Que les élections aient lieu à l'automne ou au printemps 2007, il est trop tard pour que le PQ songe à modifier son programme. De toute manière, l'exercice serait beaucoup trop déchirant. En revanche, durant la prochaine campagne, M. Boisclair sera libre de tenir le discours qu'il voudra. Celui de Mme Harel était nettement plus convaincant que les professions de foi répétées de son chef dans un programme qui lui a été imposé.
En point de presse, Mme Harel a tout de même eu un peu de mal à expliquer pourquoi le chef d'un gouvernement qui a perdu la confiance de la population, comme elle le soutenait dans sa motion de censure, prendrait le risque de précipiter les élections.
Un gouvernement aussi impopulaire ne préférera-t-il pas attendre de voir si le temps n'arrangera pas les choses? "C'est une bonne question", a-elle convenu, avant d'ajouter que M. Charest doute peut-être de ses chances d'arriver à des résultats acceptables dans le dossier du déséquilibre fiscal.
Pourtant, le rapport du comité fédéral sur la péréquation, qui a été rendu public hier, serait plutôt de nature à l'encourager. En incluant la moitié des ressources naturelles non renouvelables dans le calcul, comme le recommande le comité, le Québec ferait un gain de 650 millions.
Autre question embêtante : si le gouvernement Charest est à ce point honni, comment expliquer que le PQ ait autant de mal à le distancer? Serait-ce qu'il y a un problème avec le chef? Non, non, bien sûr.
Il est vrai que le gouvernement donne présentement l'impression de vouloir régler d'ici à l'ajournement de juin des problèmes qui risqueraient de le hanter durant une campagne électorale à l'automne.
L'imposition du bâillon est devenu si routinière qu'une fin de session sans suspension des règles habituelles de fonctionnement de l'Assemblée nationale est elle-même devenue l'exception. En décembre dernier, on avait profité de la loi spéciale décrétant les conditions de travail des employés de l'État pour imposer du même coup la réforme des services de garde.

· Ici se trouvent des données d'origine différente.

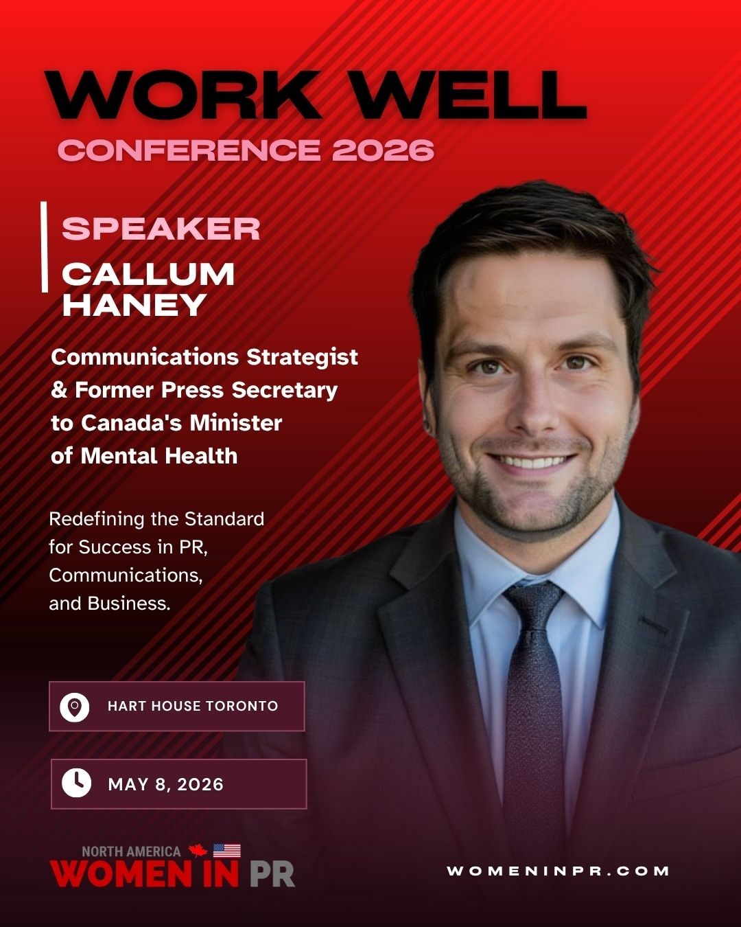 "Spending years advising on some of Canada's most sensitive files gave me a front-row seat to what high-stakes communications demands of the people doing it. The Women in PR North America WorkWell Conference is a rare opportunity to bring that perspective into a room full of practitioners who are asking the same questions. That conversation is important and I am honoured to help lead it," said Callum Haney.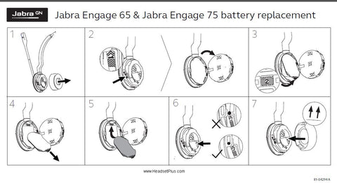 • One replacement battery pack for Jabra Engage 55, Engage 65 and 75 for Mono or Duo headsets.

Cette fois-ci, le projet de loi autorisant la vente d'une partie du parc du Mont-Orford sera vraisemblablement adopté dans la foulée de la loi spéciale qui fixera la rémunération des médecins spécialistes. André Boisclair pourra ajouter cela au tableau noir.
Remarquez, malgré les cris d'indignation, les partis d'opposition ne détestent pas que les gouvernements ferment certains dossiers avant de partir.